TASK TO CARRY OUT:
Find the line containing "Büro der Lohnbuchhaltung", then print it and each line after it through the end of the listing exactly, with no pictures.

-.-.-

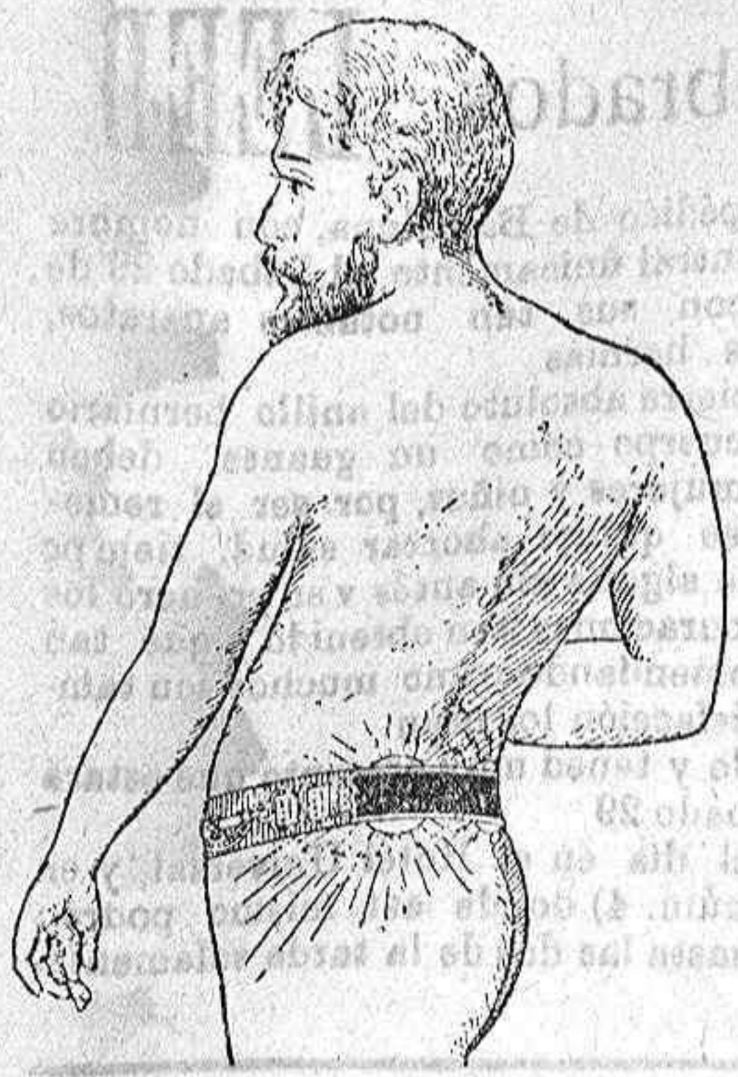
Marca registrada. Núm. 28.457

¿Sufrís enfermedades nerviosas? ¿Dolores reumáticos, de espalda y de riñones? ¿Tenéis desarreglos del estómago, del hígado y de los intestinos? ¿Adelgazáis? ¿Se os debilita la memoria? ¿Encontráis dificultad en conciliar el sueño y os levantáis más fatigados que cuando os acostáis? ¿Sufrís parálisis o debilidad genitales? ¿Os encontráis agotados de fuerza intelectual o corporal? Si sufrís alguna de estas enfermedades, habiendo probado los mejores específicos conocidos sin ningún resultado, no os desesperéis, que vuestro infalible e inofensivo remedio lo encontraréis en la naturaleza, usando sin vacilar el maravilloso
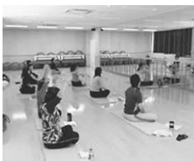
▲美遊でのヨガ教室

※体育指導委員…松島町内では十人の体育指導委員が委嘱され、町のスポーツ振興、発展、及び各種スポーツ教室の指導のために活動しています。
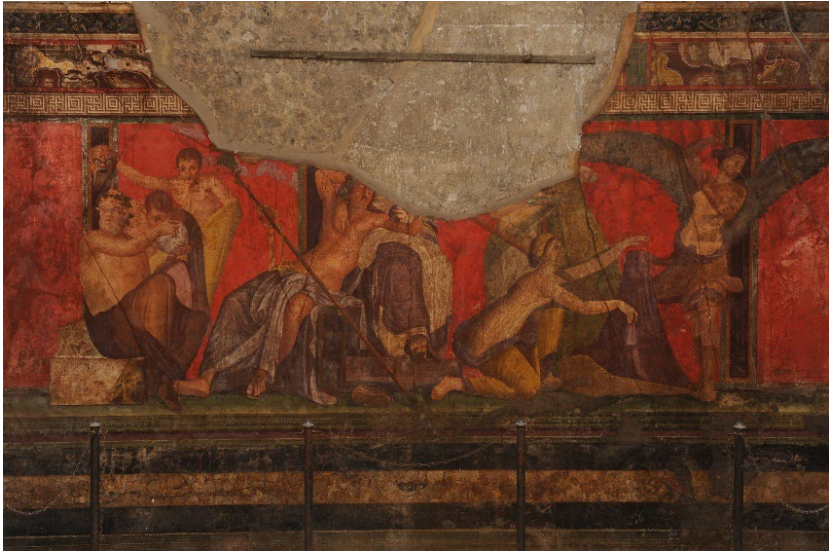
Abb. 3: Mysterienvilla, Pompeii, Großer Fries, Westwand, Mitte des 1. Jahrhunderts v. Chr.

Auf der dem Eingang gegenüberliegenden Westwand kann trotz der Zerstörung der Malerei im oberen Teil in der Mitte die Szenerie erschlossen werden (siehe Abb. 3). Auf der linken Seite sieht man eine weitere Gruppe, bestehend aus einem älteren Silen und zwei jungen Satyrn. Der Silen hält einen großen silbernen Becher, dessen Öffnung er einem jungen Satyr zugewandt hat. Der zweite Satyr im Hintergrund hält eine Theatermaske betont in die Höhe. Neben ihm sitzt der betrunkene Bacchus, der bereits eine Sandale verloren hat und seinen Kopf an die hinter ihm sitzende Frau, vermutlich Ariadne, lehnt. Rechts neben dem Götterpaar kniet eine Frau auf dem Boden und zieht das Tuch von dem liknon , einem Korb mit Opferfrüchten und einem riesigen Phallus. Hinter ihr stehen zwei Frauen, von denen eine ein Tablett mit kleinen Zweigen in der Hand hält. Daneben ist eine geflügelte Dämonin positioniert, die die Aufmerksamkeit auf sich zieht. Sie hat einen Stab in der Hand, mit dem sie nach
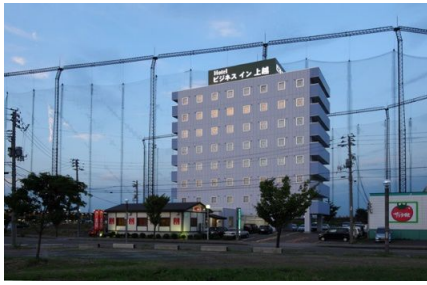
ビジネスイン上越外観
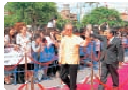
野国北谷町長(右)とレッドカーペットを歩く仲井眞知事

「Laugh&Peace(笑いとお平和)」をテーマにした沖縄国際映画祭2009が北谷町美浜のアメリカンビレッジで開幕した。
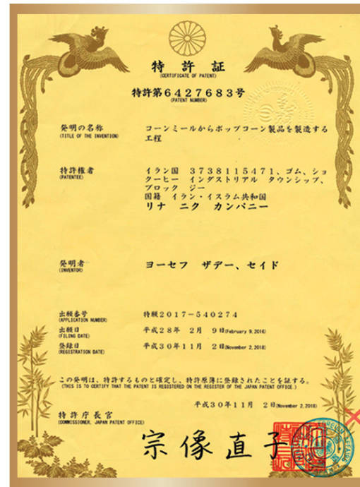
گواهی ثبت اختراع در ژاپن Patent certificate in Japan
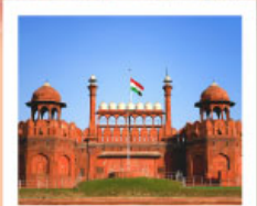
♡♡▽ Agra Fort
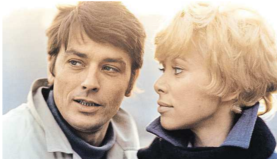
Delon se s Darcovou sešel v roce 1968 ve filmu Jeff.
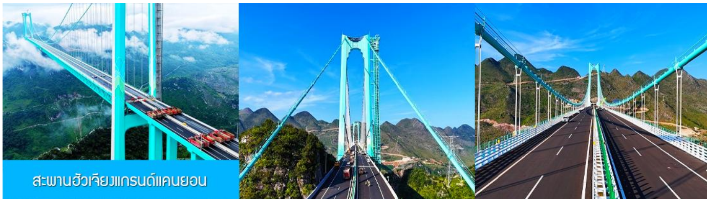
สะพานฮิวเจียวเกรนด์แคนยอน

ไกด์นำเสนอ OPTIONAL TOUR แพคเกจเที่ยวชมตัวสะพาน รวมค่าบัตรนั่งลิฟท์แก้วขึ้นสู่ชั้นชมวิวบนทาวเวอร์ รวมค่ารถรับส่งจากศูนย์บริการนักท่องเที่ยวสู่ตัวสะพาน รวมกาแฟบนหอคอยชมวิวท่านละ 1 แก้ว อัตราค่าบริการ 380 หยวนหรือ 1,900 บาทต่อท่าน
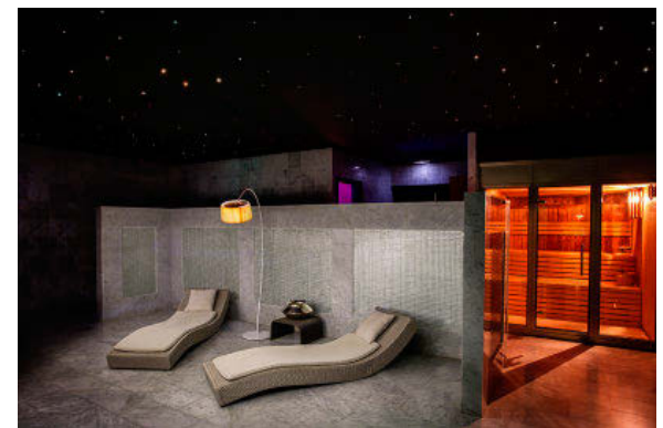
WELLNESS. Consta de jacuzzi, ducha de contraste, hammam, sauna, fuente de hielo y zona de relax.

televisores de Loewe. Seis de las estancias son suites, entre las que destaca la llamada El Torreón, ubicada en la cúpula del edificio, con 85 m 2 , terraza, cristalerías y una bañera de mármol del siglo XIX.
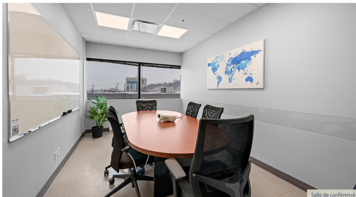
Salle de conférence
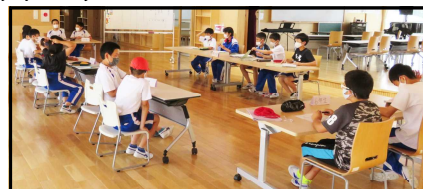
代表委員会での審議
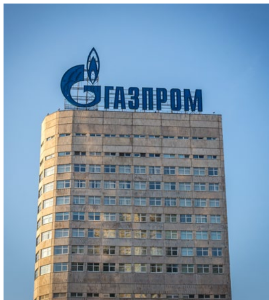
Gazprom, foto Thawt Hawthje, Flickr, CC BY 2.0.

dollari per il progetto Yamal LNG, sempre di Novatek 12 . L'esposizione finanziaria di Intesa verso le operazioni estrattive nell'Artico russo è opportunamente tutelata dalla banca nei suoi impegni per il clima e l'ambiente: la policy esclude infatti i finanziamenti a progetti estrattivi offshore nell'Artico, permettendo invece quelli sulla terraferma 13 , proprio come Yamal LNG e Arctic LNG-2.
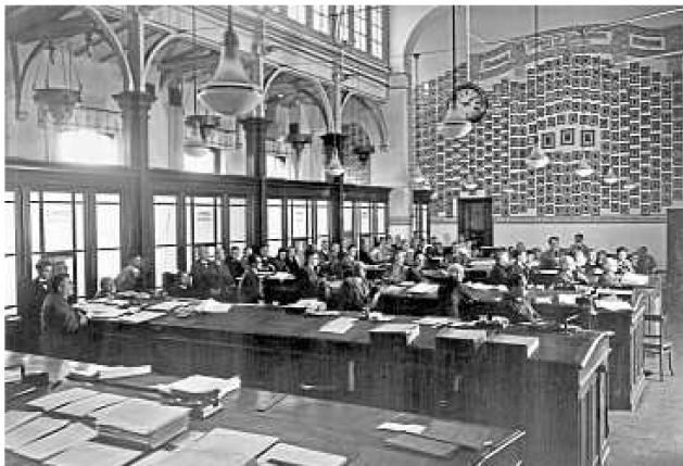
Büro der Lohnbuchhaltung in Wuppertal-Elberfeld. Hinten an der Wand hängen Fotos der Jubilare.
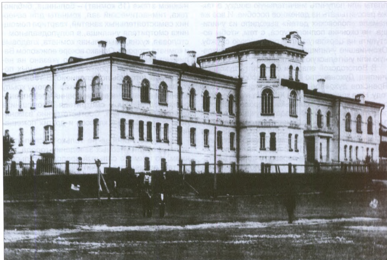
Духовное училище. Начало XX века

-.-.-

RESPONSE:
Büro der Lohnbuchhaltung in Wuppertal-Elberfeld. Hinten an der Wand hängen Fotos der Jubilare.
Духовное училище. Начало XX века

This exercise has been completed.